▶ [RECORDED DATA]:

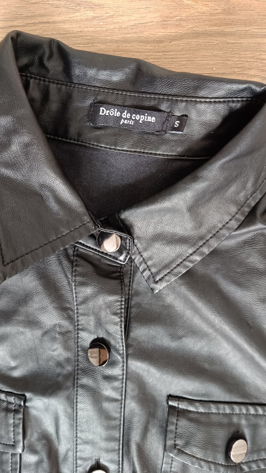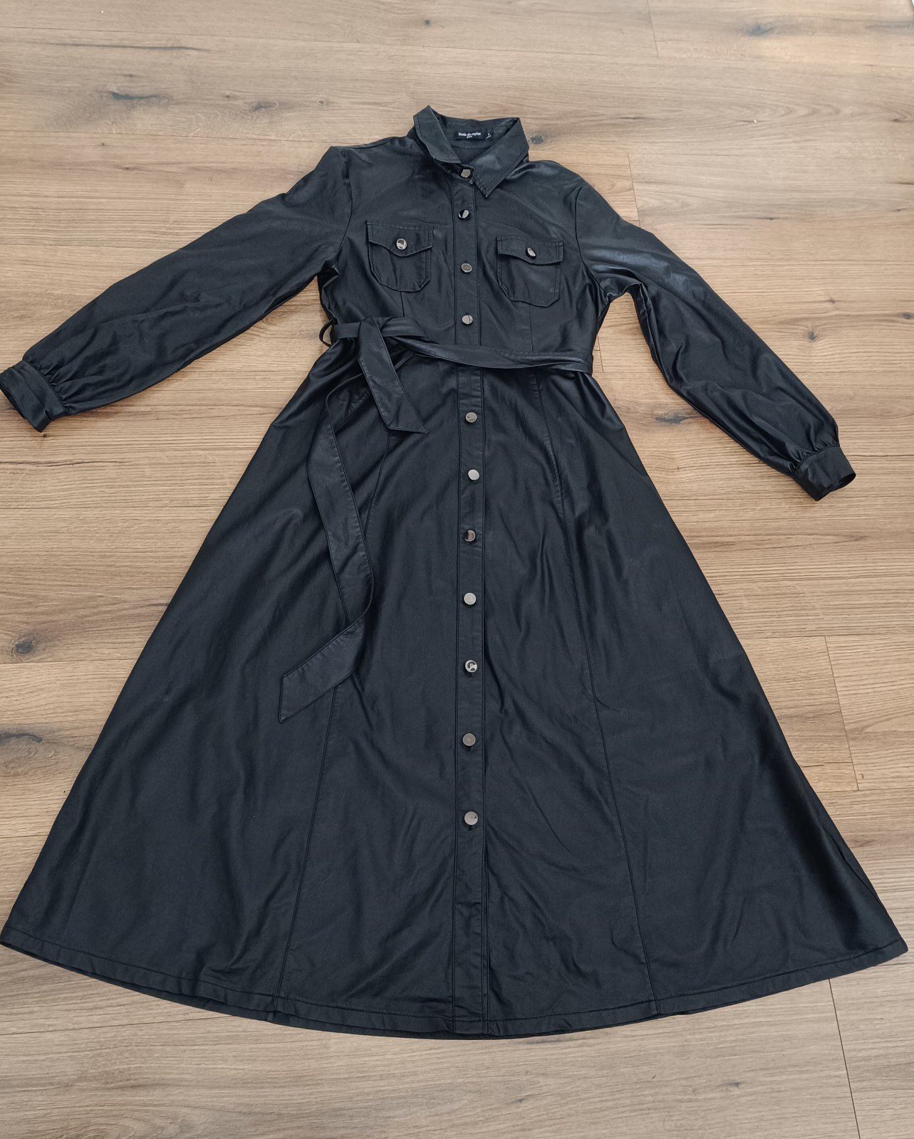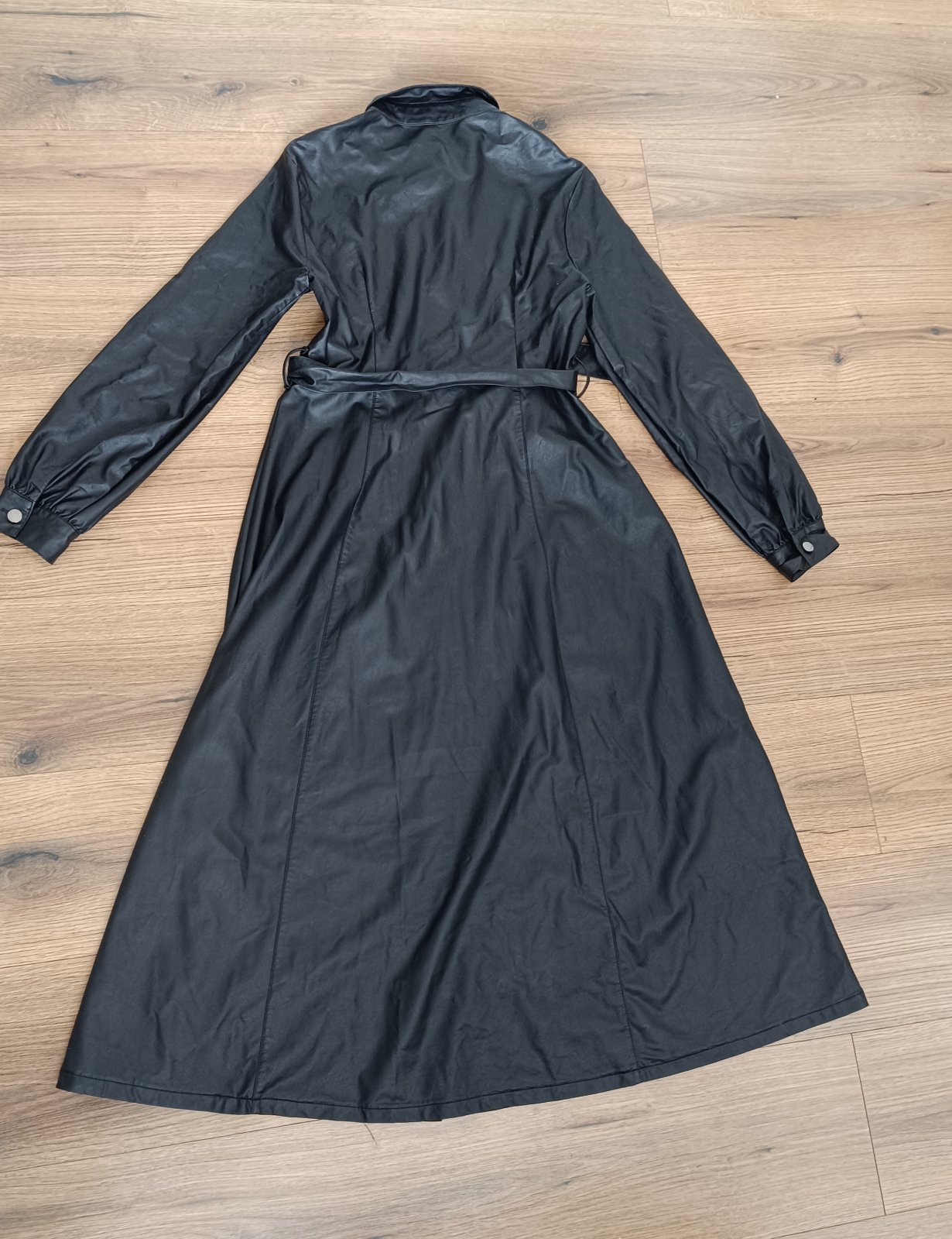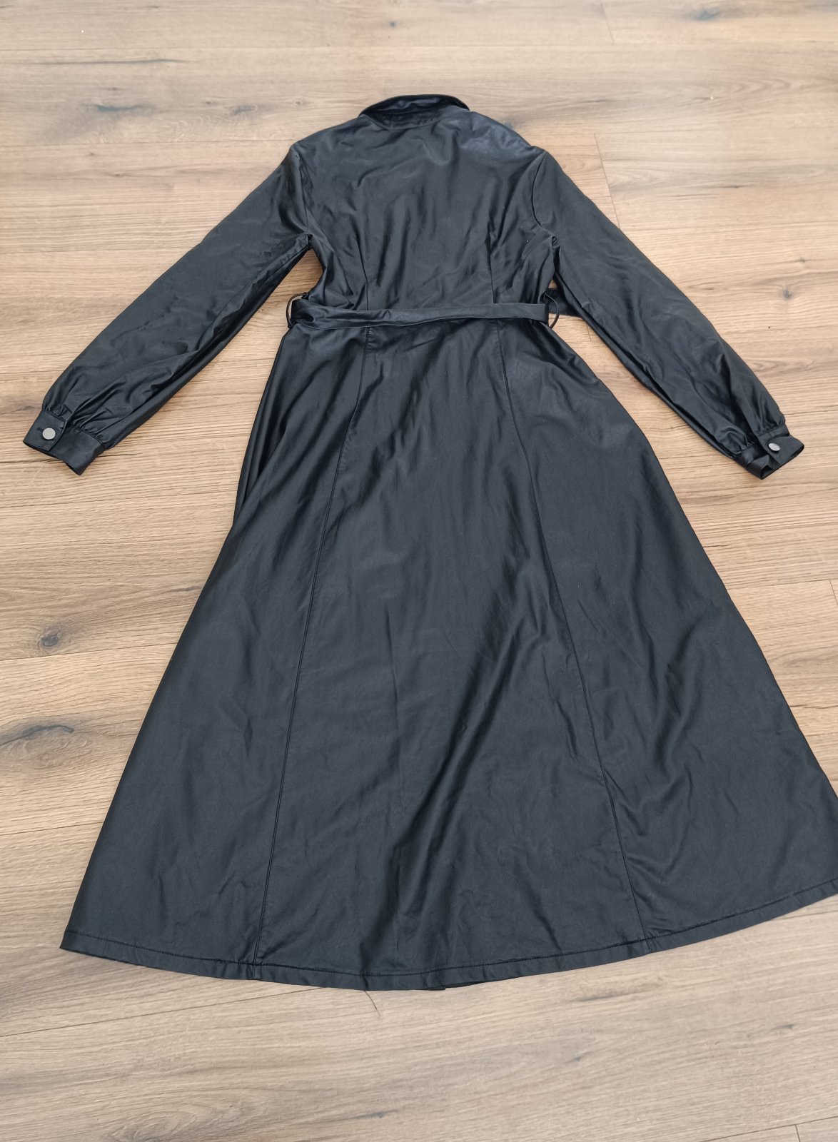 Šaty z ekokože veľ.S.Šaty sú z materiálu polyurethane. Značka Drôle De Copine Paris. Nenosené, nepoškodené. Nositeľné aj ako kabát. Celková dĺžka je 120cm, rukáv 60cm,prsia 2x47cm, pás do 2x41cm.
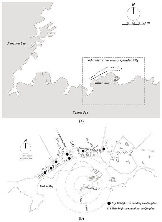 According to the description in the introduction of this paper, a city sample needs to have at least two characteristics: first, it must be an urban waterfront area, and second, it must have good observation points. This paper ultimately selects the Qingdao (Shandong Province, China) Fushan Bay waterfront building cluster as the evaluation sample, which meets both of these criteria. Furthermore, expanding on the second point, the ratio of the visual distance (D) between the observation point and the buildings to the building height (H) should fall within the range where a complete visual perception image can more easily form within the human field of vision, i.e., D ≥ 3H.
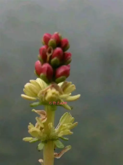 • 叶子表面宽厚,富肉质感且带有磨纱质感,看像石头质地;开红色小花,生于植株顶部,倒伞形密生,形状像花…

▶ [YOUR GOAL]:
Write out the whole listing verbatim, images excluded.

▶ [OUTPUT OF THE TASK]:
 Šaty z ekokože veľ.S.Šaty sú z materiálu polyurethane. Značka Drôle De Copine Paris. Nenosené, nepoškodené. Nositeľné aj ako kabát. Celková dĺžka je 120cm, rukáv 60cm,prsia 2x47cm, pás do 2x41cm.
 According to the description in the introduction of this paper, a city sample needs to have at least two characteristics: first, it must be an urban waterfront area, and second, it must have good observation points. This paper ultimately selects the Qingdao (Shandong Province, China) Fushan Bay waterfront building cluster as the evaluation sample, which meets both of these criteria. Furthermore, expanding on the second point, the ratio of the visual distance (D) between the observation point and the buildings to the building height (H) should fall within the range where a complete visual perception image can more easily form within the human field of vision, i.e., D ≥ 3H.
 • 叶子表面宽厚,富肉质感且带有磨纱质感,看像石头质地;开红色小花,生于植株顶部,倒伞形密生,形状像花…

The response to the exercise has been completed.